How I could be smaller.

We think we can fix our flaws to be enough for others, as their compliments once led us to believe.

We exercise more.

We upgrade our wardrobe.

We change our hair and apply perfume again.

Like recycled gowns, we try to infuse new value to ourselves, waiting for the spotlight to re-appear so we can shine again as they gaze at us, earning approval.   

We are never enough. We grow weary under the weight of this project.

For me, shattered and my value lost, my solution was to look for new partners.

Although I found them, time and time again, they were nothing but the same men with different faces—the faces with the eyes that stopped just long enough to utter words of approval. Until I glanced at the eyes of the man in my apartment.

This time, I did not look away, under the shame-intended words. Instead, as I looked at him, I saw something new.

I saw a man who reached to the external for validation of his worth: the appearance of his girlfriend a metric no different to the outside world than his net worth. His business failing, his finances long collapsed, he was reaching to me to validate his success to the world.

As I saw his failings and compensations, I saw that I too, wanted external validation to cover up the things I wanted to hide.

I was no different than him.

For decades, until that man uttered those words, I had allowed my wit, my intelligence, my resilience, my drive, and my ambition to be buried under my bodyweight as the arbiter of my worth to men.

My fear of losing the approval of a boy in a junior high hallway or the men in my family eclipsed the things I valued most about myself, as I handed the adult measure of my worth to the men who gazed upon me.

I was afraid to be “too much,” so for years, I tried to make myself small—physically and emotionally.

Strength found me as I unwrapped my shame that December night. As I asked him to leave, I added the number on the scale to the front of my sentence to see himself out.

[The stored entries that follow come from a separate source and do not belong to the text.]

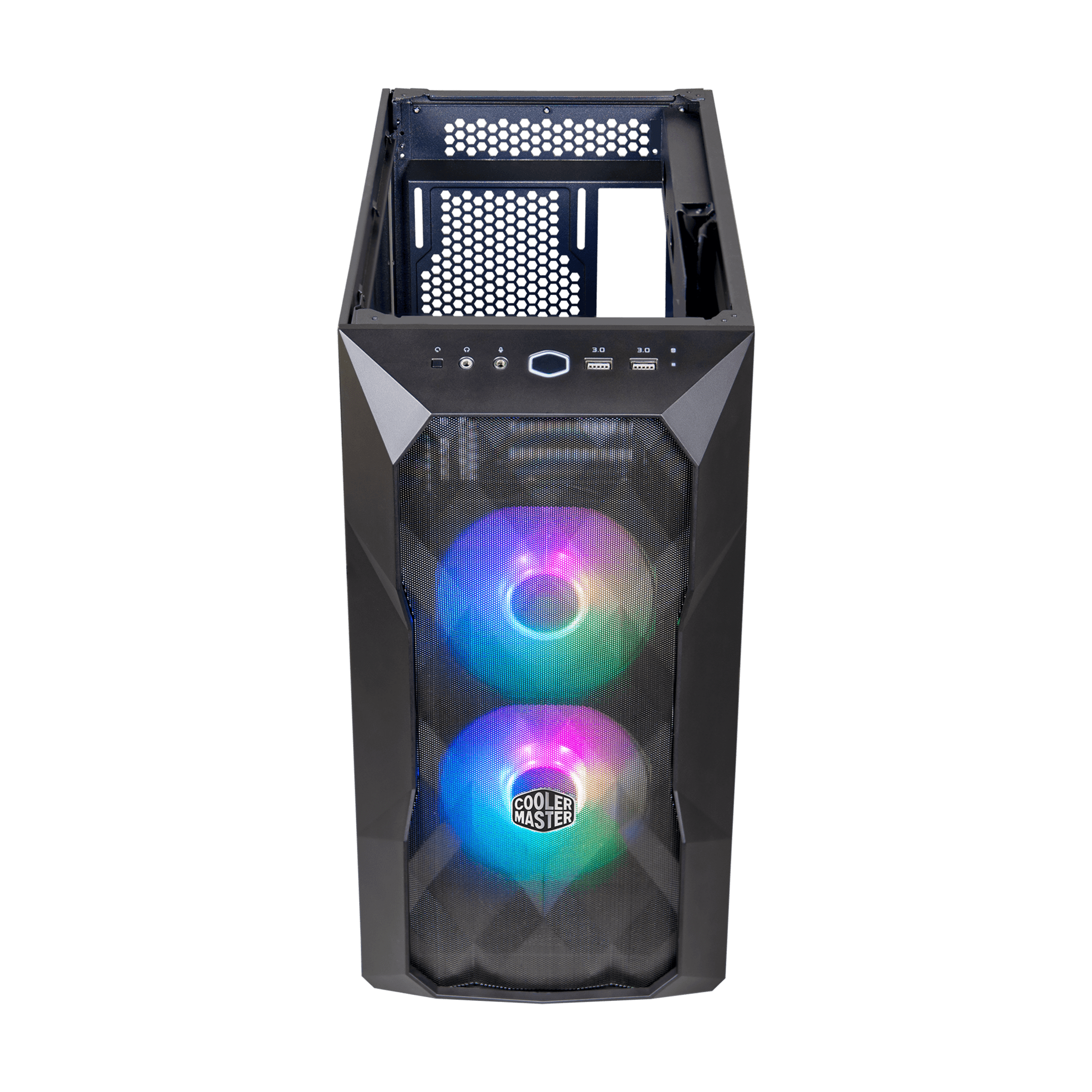 The Cooler Master MasterBox TD300 Mesh brings together modern presentation and performance with its three dimensional artistic mesh front panel. The polygonal diamond-cut facade emphasizes the illumination of two included SickleFlow PWM ARGB fans, cast various glowing effects, shifting based on the viewing angle.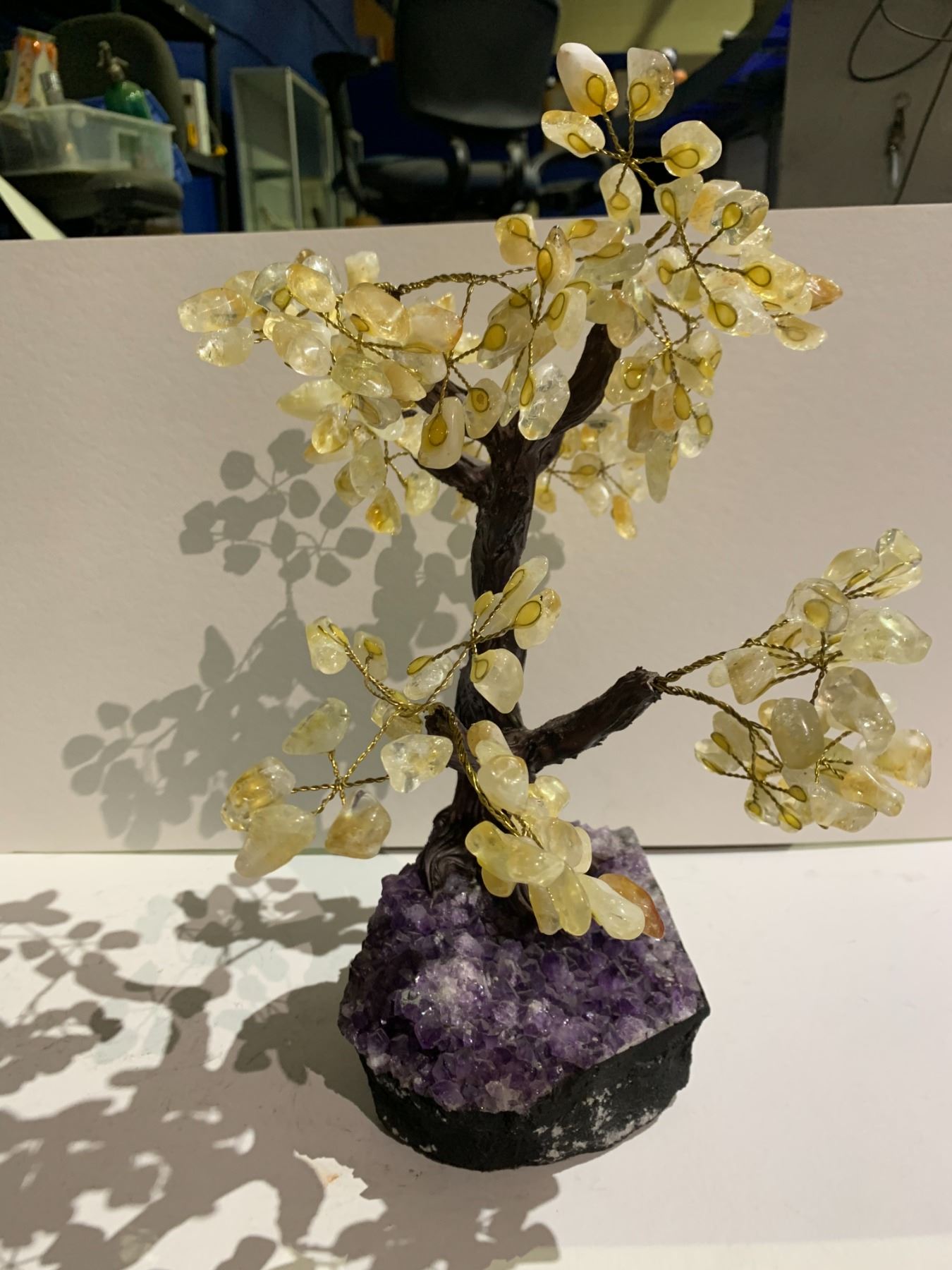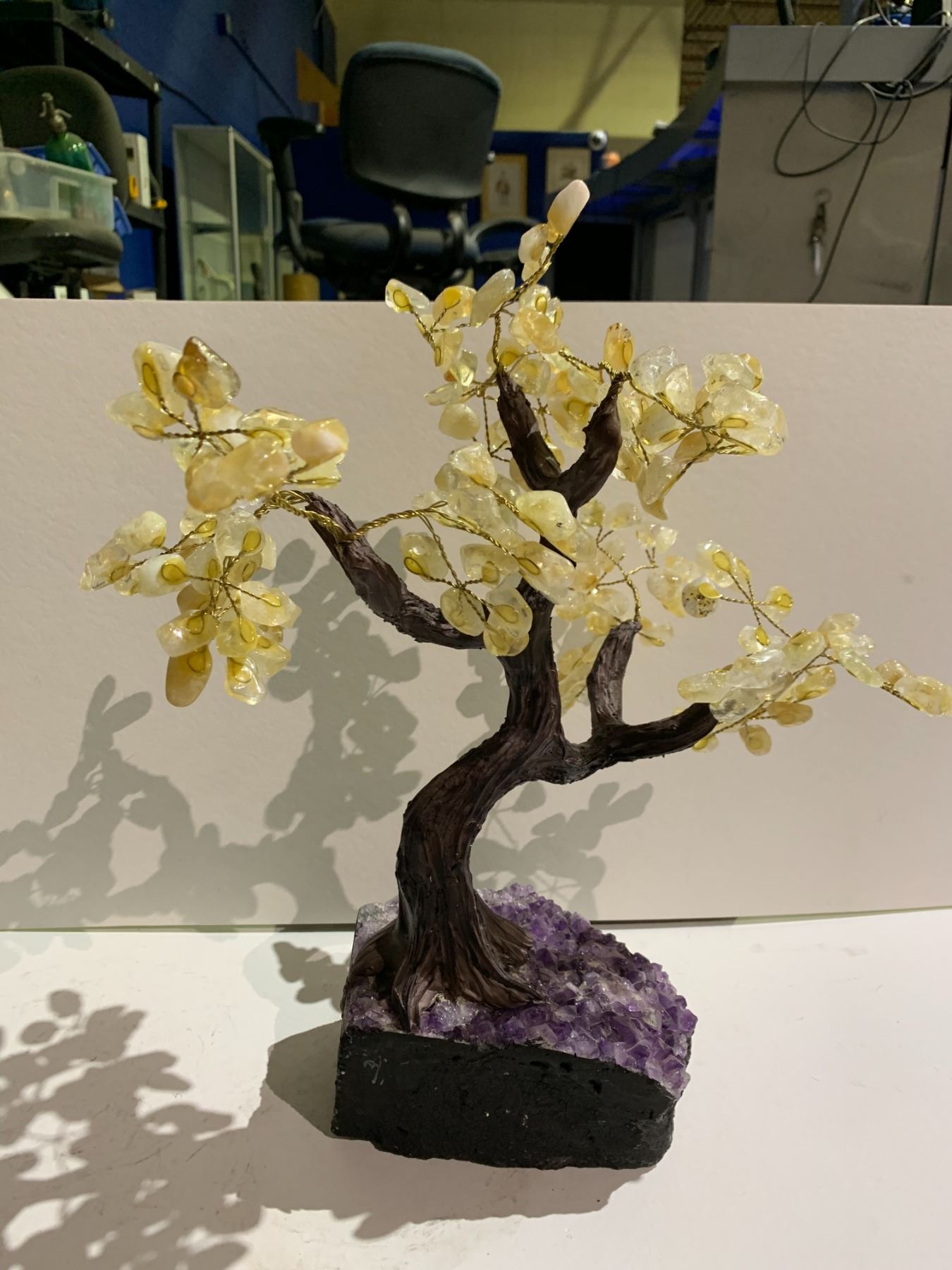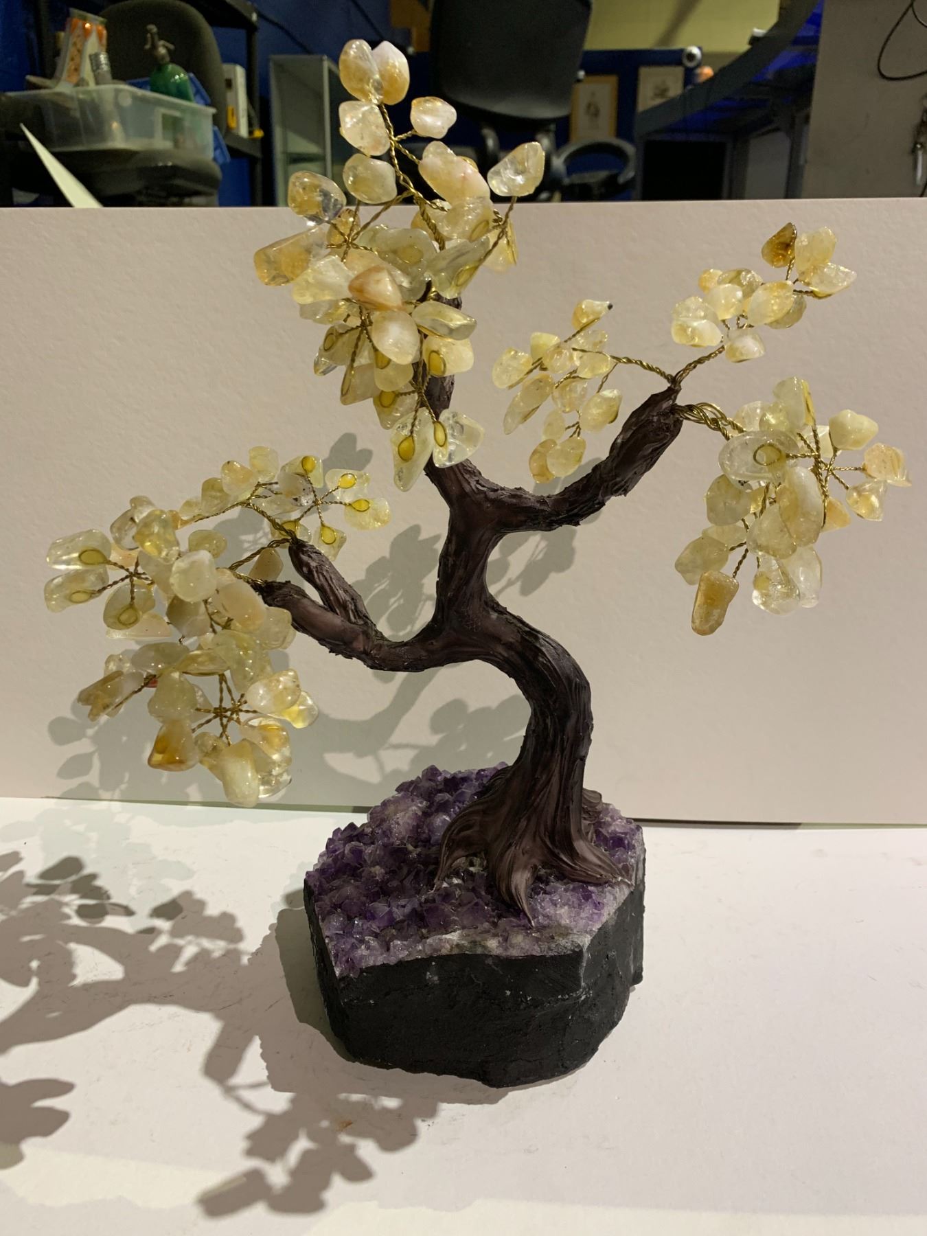 CITRINE TREE ON AMETHYST BASE 14" RETAIL $2,800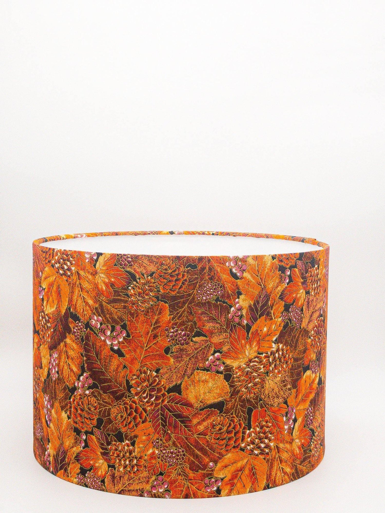 Bring the enchanting colors of autumn into your home with the Autumn Beauties of Pine Cones and Leaves Drum Lampshade. This stunning piece from Shades 4 Seasons is perfect for transforming any space into a cozy retreat. The vivid hues of orange and brown will complement the warm tones of your decor, adding a touch of seasonal charm.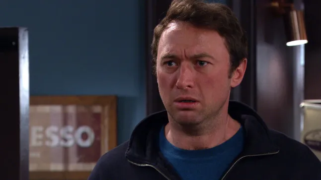 Liam in the cafe looking worried in Emmerdale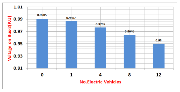 Fig. 9, indicates that when no vehicles are being charged, the voltage levels on the electrical network are within acceptable limits. one-vehicle addition caused the voltage to reduce to 0.9867 P.U., while the voltage fell further to 0.9765 P.U. on the second bus as four electric vehicles were connected to the network. Moreover, voltage levels of 0.95 P.U. are observed when twelve vehicles charge using the power system; this is a critical measure that falls beyond the acceptable limit. Put differently, a higher number of connected vehicles cause a more significant voltage deviation, triggering unacceptable voltages.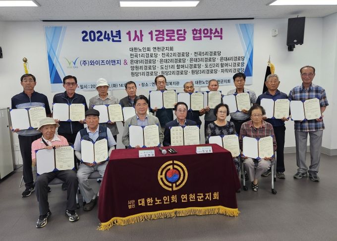 (중부시사신문) (사)대한노인회 연천군지회는 최근 연천군 종합복지관 3층 소강당에서 ㈜와이즈이앤지(대표 우현명)와 관내 14개 경로당과 1사 1경로당 협약식을 가졌다고 24일 밝혔다.
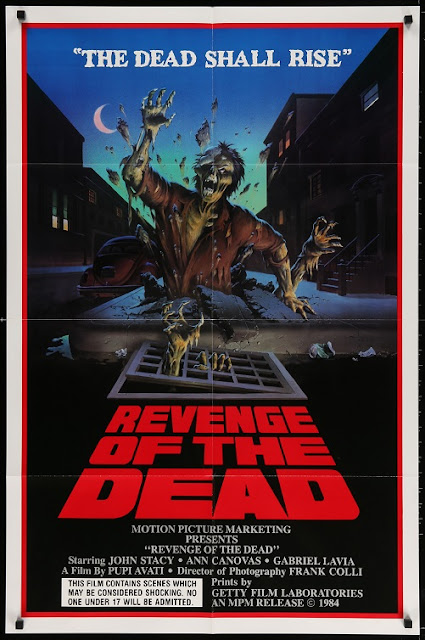 Also known as ZEDER, this poster art is very cool and suckered me into renting this flick back in the VHS days. The film itself is AWFUL! I don't really think there was even a single zombie in it. Utter crap---but, like I said, great zombie art on the poster. Apparently the Code Red version of the film, released on disc as ZEDER, is uncut and the REVENGE OF THE DEAD version that was released here theatrically and on VHS was heavily edited. What was missing, I could not say...but it is doubtful i'll bother with it ever again (unless I become a hopeless insomniac).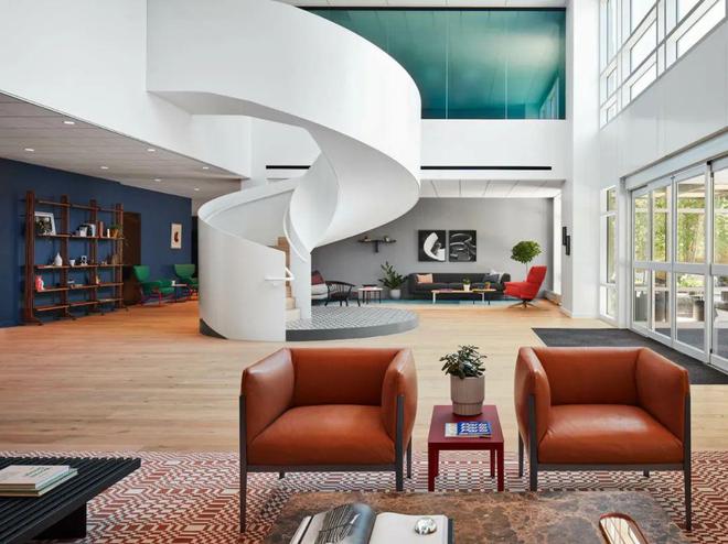 为了更加凸显大堂特色,旁边的休息区设计就较为多元化,设计师遵循着弗兰克·洛伊德·赖特的有机建筑原则,构思了一个与自然环境相关并扎根于自然环境的室内空间,他们将其定义为 “风土设计”。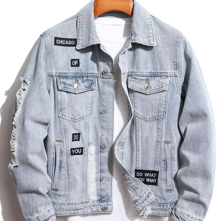 High Quality Vintage Winter Casual Embroidery Denim Jacket for Men 100% Cotton Acid Wash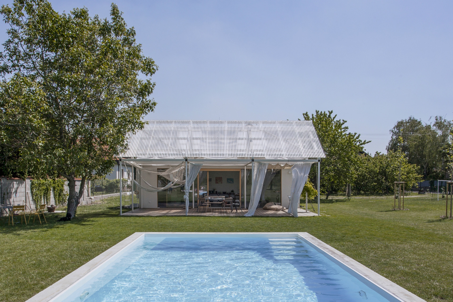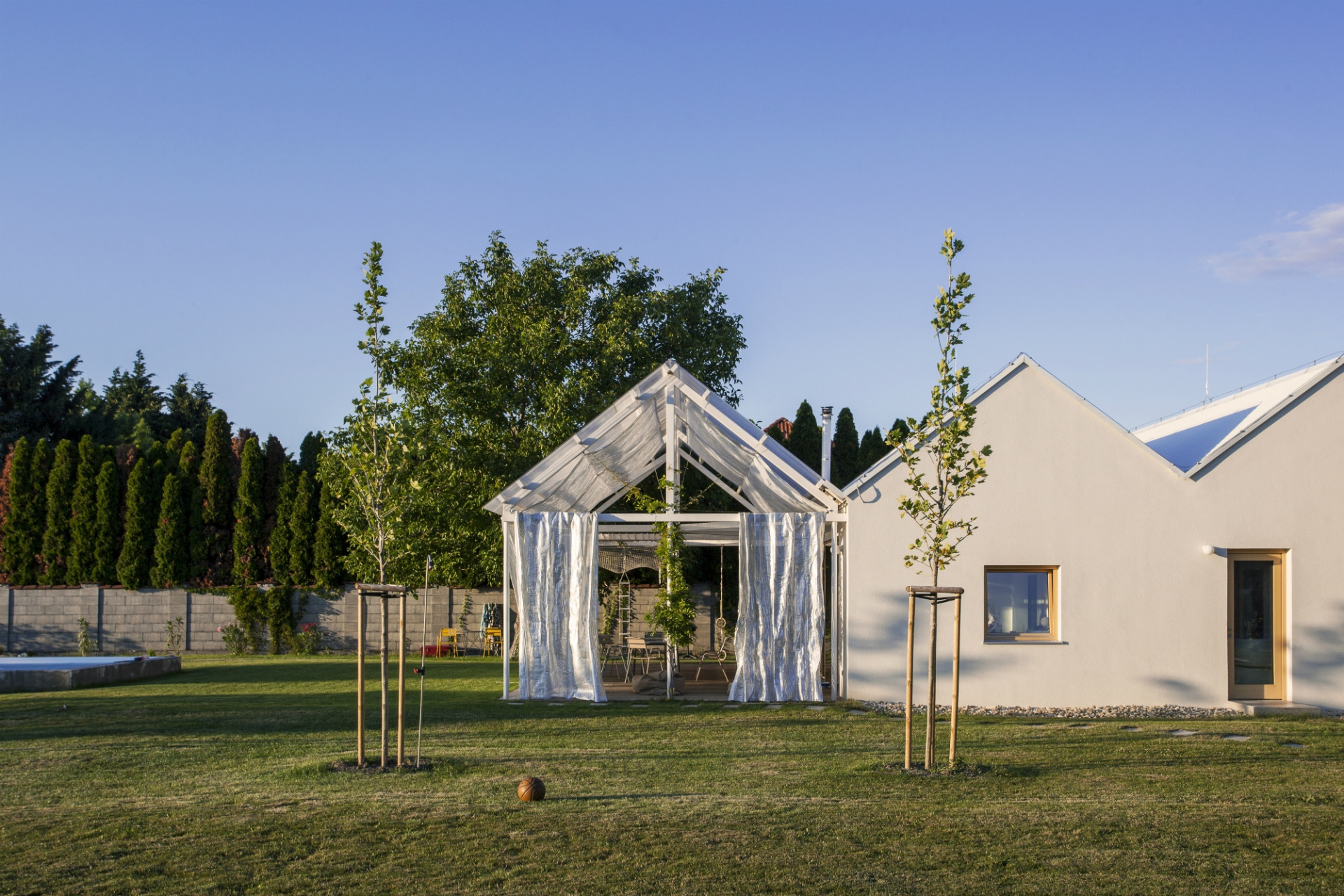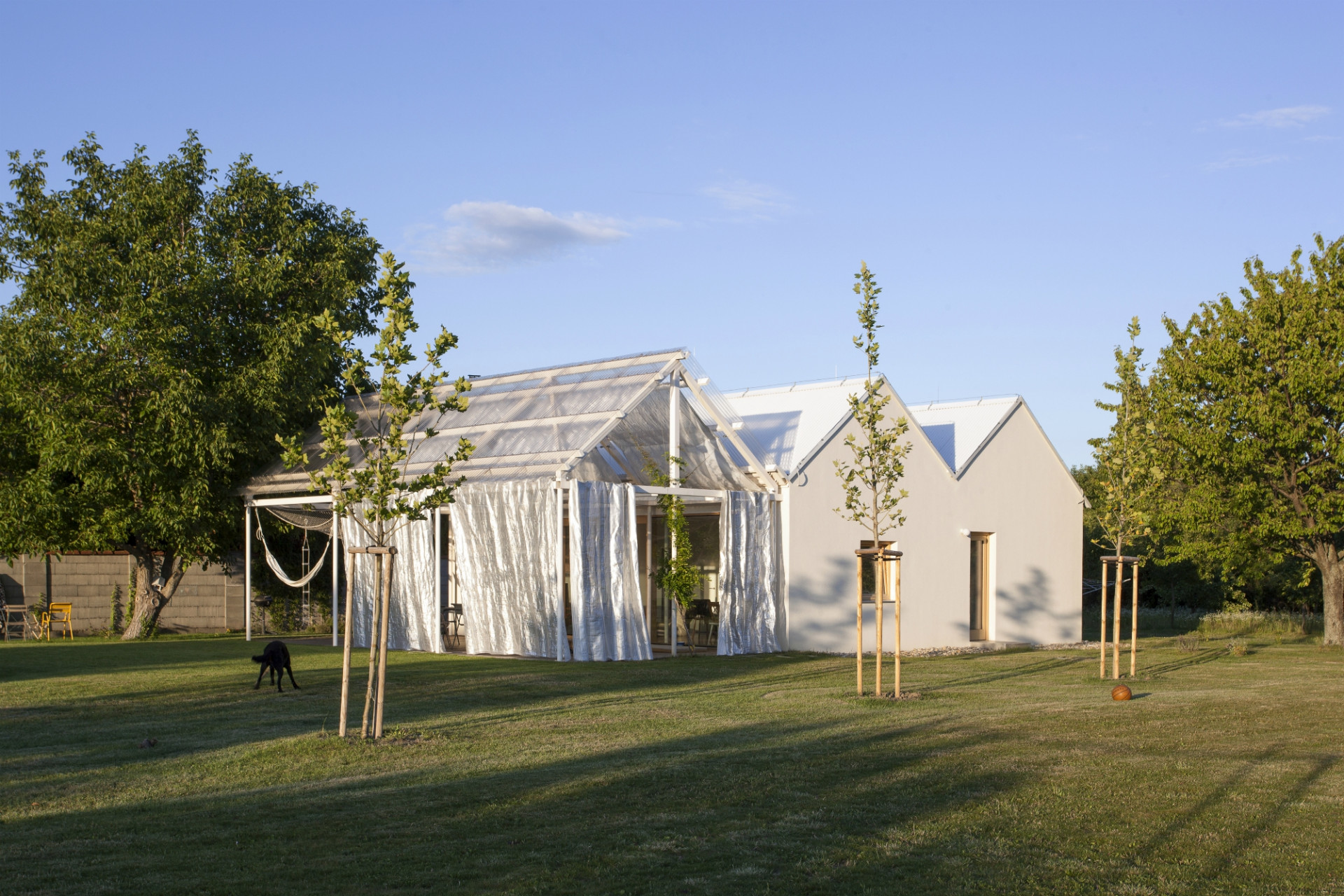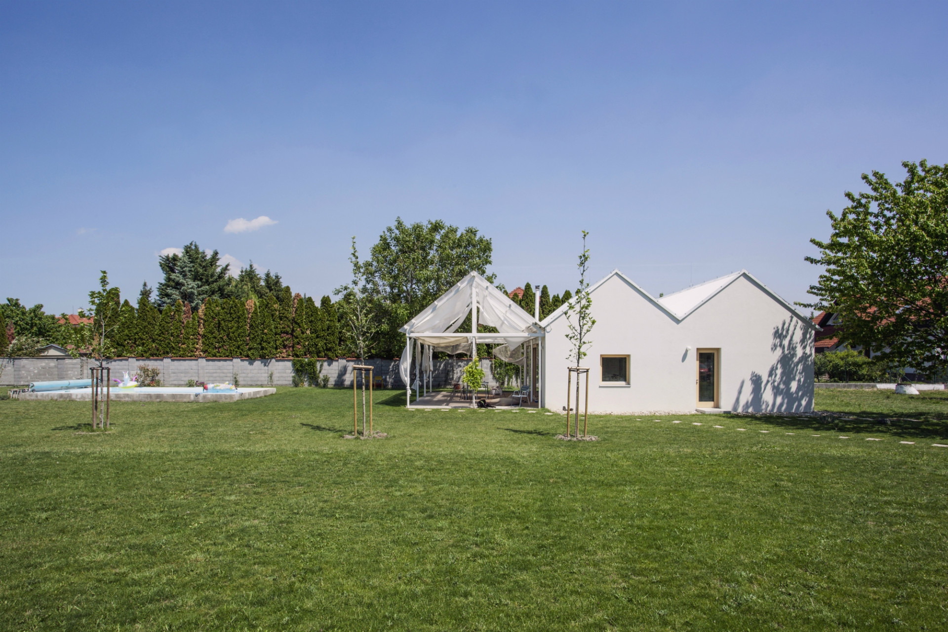 Letní dům v městské části Bratislavy Vajnory na úpatí Malých Karpat pojali slovenští architekti z ateliéru Totalstudio jako kompozici třech propojených staveb stejných proporcí a rozměrů. Zatímco ale dvě z nich představují zděné domy, poslední tvoří lehká otevřená konstrukce se zatahovatelnými reflexními závěsy, která stíní terasu u bazénu. Celý dům postrádá jakékoli chodby, do jednotlivých pokojů se vstupuje z hlavního obytného prostoru umístěného v prostřední hmotě.

This number, spoken aloud, was now an internal weapon of strength instead of an external scorecard.

“I’m 125 pounds.”

The number now felt too light rather than too heavy, and I no longer cared what a man’s eyes could see when he looked at my body, trying to make me smaller than who I am.

I didn’t want to be anyone’s sparkly ornament ever again.

I could never fully please the male gaze, and this time, I didn’t even want to. In the silence of my apartment, my hair, clothes, and perfume now returned to me as the arbiter of opinion and hung in my mind only as decoration.